The forward control Renault AGR, produced between 1937 and 1941, is a medium truck with a payload of 3.5 tonnes. For military use, it was delivered in various versions: the most produced has a 3250 mm wheelbase (which was common to all versions), a 6450 mm length and a 2310 mm width. The engine is a 4-litre inline-four engine with a power output of 62 PS at 2,200 rpm. The truck also has a gasifier-equipped version. The gearbox is a 4-speed manual unit.

===AGK===

Drawing of a AGK for 1938

The forward control Renault AGK, introduced at the end of 1937 and produced until 1940, replaced the 1935 Renault ABF (one of the first forward control produced by the company). It has a payload between 5 and 6.5 tonnes. For military use, it was delivered in various versions: the most produced has a 4000 mm wheelbase (which was common to all versions), a 7080 mm length and a 2350 mm width. The "all purposes" TTN 30-31 version has a 7430 mm length and a 2430 mm width, the TTN 39 has a 7570 mm length. The tanker version has a 7430 mm length and a 2200 mm width. The "mobile workshop" version has a 7700 mm length and a 2430 mm width.

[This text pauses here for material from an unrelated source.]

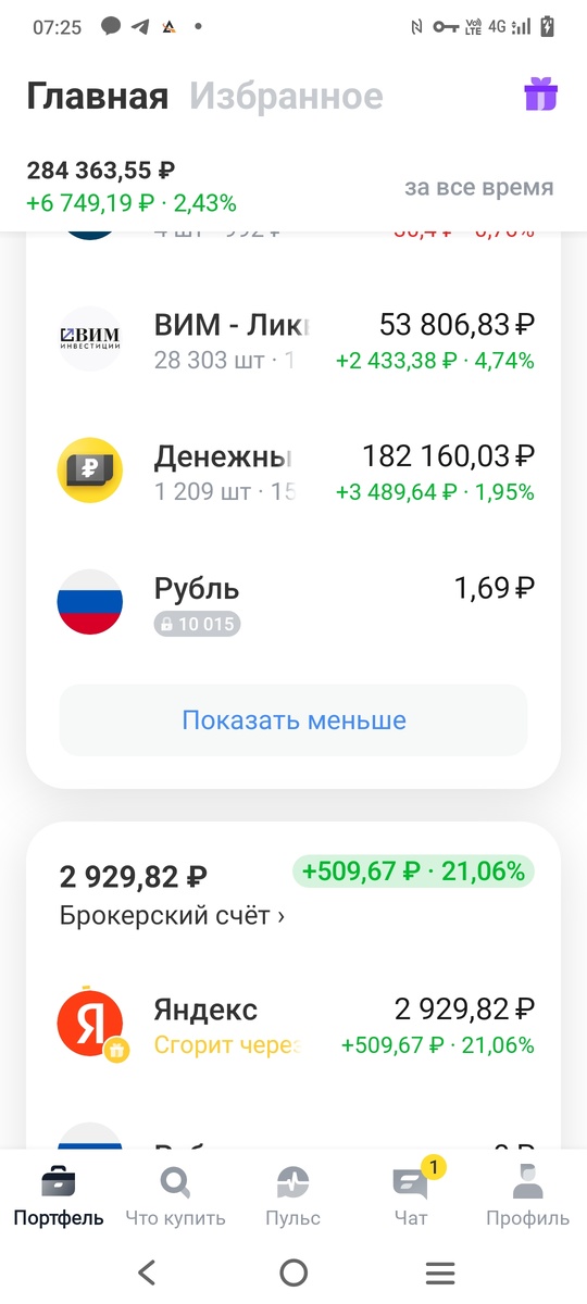 Мой фонд денежного рынка и вим ликвидность на общую сумму 235 т.руб. приносит в день от 100 до 150 руб.

For commercial use, the AGK was available with four configurations: van, flatbed, tipper, and cabin only. The wheelbases were between 3190 mm and 4000 mm.

All AGK versions use a 5.9-litre inline-four petrol engine delivering 80 PS (85 PS for the civilian version) at 2,000 rpm. The diesel version (AGKD) has an 8.4-litre inline-four engine. The truck has a 4-speed manual gearbox.

By 1937, the ZP bus/coach adopted the AGK cabin.

===Heavier models===
The Renaults AGLD and AGOD are heavy trucks. The AGOD was produced between 1937 and 1939 with a payload of 8 tonnes. Its engine is a 12.5-litre straight-six diesel with a power output of 130 PS at 1,500 rpm. Its wheelbase is between 3560 mm and 4950 mm, its length between 6900 mm and 8700 mm and its width 2340 mm. It has a 5-speed manual gearbox. The AGOD was used by the Compagnie Générale Transsharienne (CGT) as a truck as well as with a coach bodywork for its trans-Saharan transport service.

====Other Renault heavy vehicles using the 12.5-litre engine====
At the 1936 Paris Salon, Renault unveiled various forward-control vehicles for 1937 powered by the 12.5-litre diesel engine and with 5-speed gearboxes: the ADS, the ADT, the AFKD, and the AEMD.

The AFKD is a six-wheeler truck with a payload of 10 tonnes and servomechanical/air brakes. It was replaced in 1939 by the similarly looking Renault AIB, with air brakes and powered by a 5.9-litre engine delivering 85 PS. The AEMD is a coach/bus of up to 43 places. AEMD sales were postponed until November 1937 and by that time it replaced the engine with a 15.7-litre straight-six diesel delivering 150 PS. For 1939, the AEMD increased its capacity to up to 51 passengers. It was put out of sale later that year.